ASSIGNMENT:
Could you filter the listing for lines with the word "that" and return them?

RECORDS TO USE:
+ + + + +

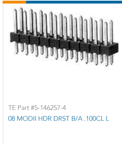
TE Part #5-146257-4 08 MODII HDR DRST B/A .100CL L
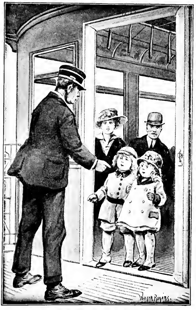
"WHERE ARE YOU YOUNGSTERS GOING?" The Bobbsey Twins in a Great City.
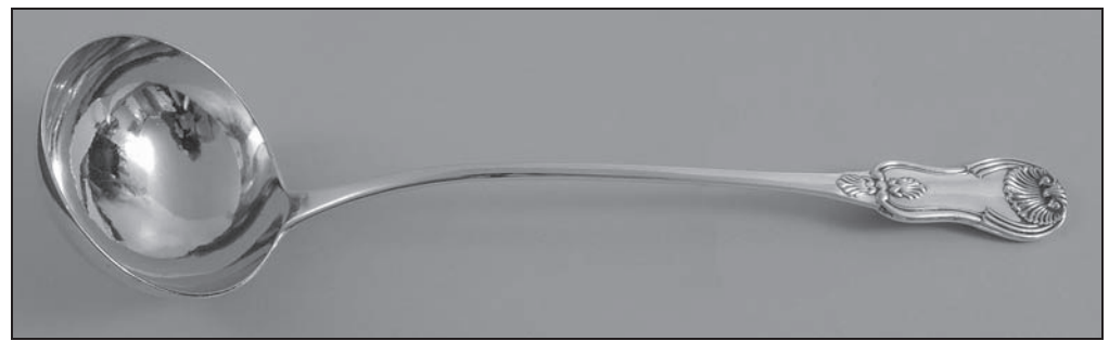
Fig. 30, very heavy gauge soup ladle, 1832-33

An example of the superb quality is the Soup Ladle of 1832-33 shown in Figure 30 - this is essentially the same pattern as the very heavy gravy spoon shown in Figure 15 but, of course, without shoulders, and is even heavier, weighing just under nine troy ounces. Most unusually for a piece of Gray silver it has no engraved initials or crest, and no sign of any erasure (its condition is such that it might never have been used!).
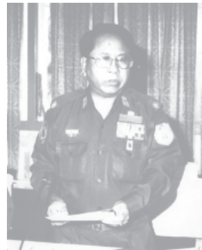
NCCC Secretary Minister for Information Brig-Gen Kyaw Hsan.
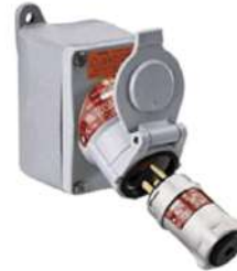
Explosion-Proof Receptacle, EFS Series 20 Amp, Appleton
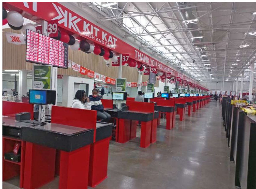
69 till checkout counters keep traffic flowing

+ + + + +

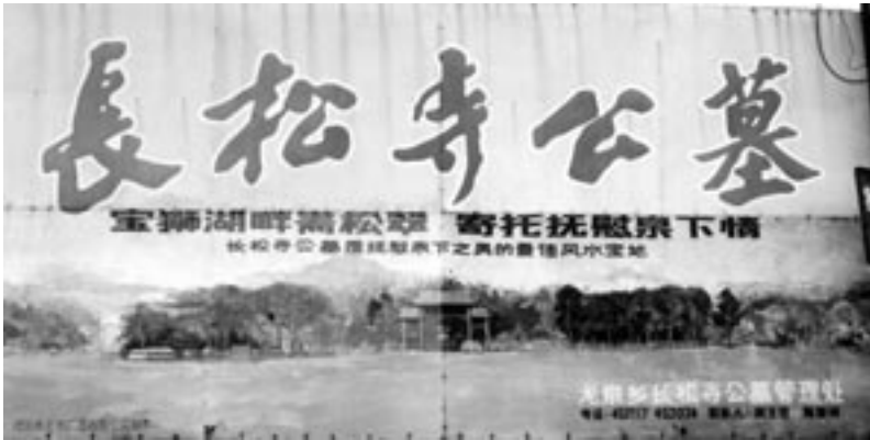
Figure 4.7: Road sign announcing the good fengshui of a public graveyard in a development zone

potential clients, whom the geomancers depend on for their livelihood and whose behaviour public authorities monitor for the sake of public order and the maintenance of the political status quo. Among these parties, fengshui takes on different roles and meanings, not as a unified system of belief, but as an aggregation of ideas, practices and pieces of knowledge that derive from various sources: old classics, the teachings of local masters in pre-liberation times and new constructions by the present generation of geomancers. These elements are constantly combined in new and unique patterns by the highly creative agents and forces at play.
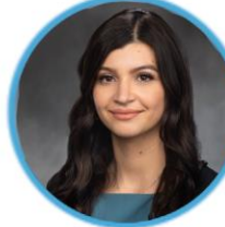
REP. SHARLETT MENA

+ + + + +

ANSWER BELOW:
An example of the superb quality is the Soup Ladle of 1832-33 shown in Figure 30 - this is essentially the same pattern as the very heavy gravy spoon shown in Figure 15 but, of course, without shoulders, and is even heavier, weighing just under nine troy ounces. Most unusually for a piece of Gray silver it has no engraved initials or crest, and no sign of any erasure (its condition is such that it might never have been used!).
potential clients, whom the geomancers depend on for their livelihood and whose behaviour public authorities monitor for the sake of public order and the maintenance of the political status quo. Among these parties, fengshui takes on different roles and meanings, not as a unified system of belief, but as an aggregation of ideas, practices and pieces of knowledge that derive from various sources: old classics, the teachings of local masters in pre-liberation times and new constructions by the present generation of geomancers. These elements are constantly combined in new and unique patterns by the highly creative agents and forces at play.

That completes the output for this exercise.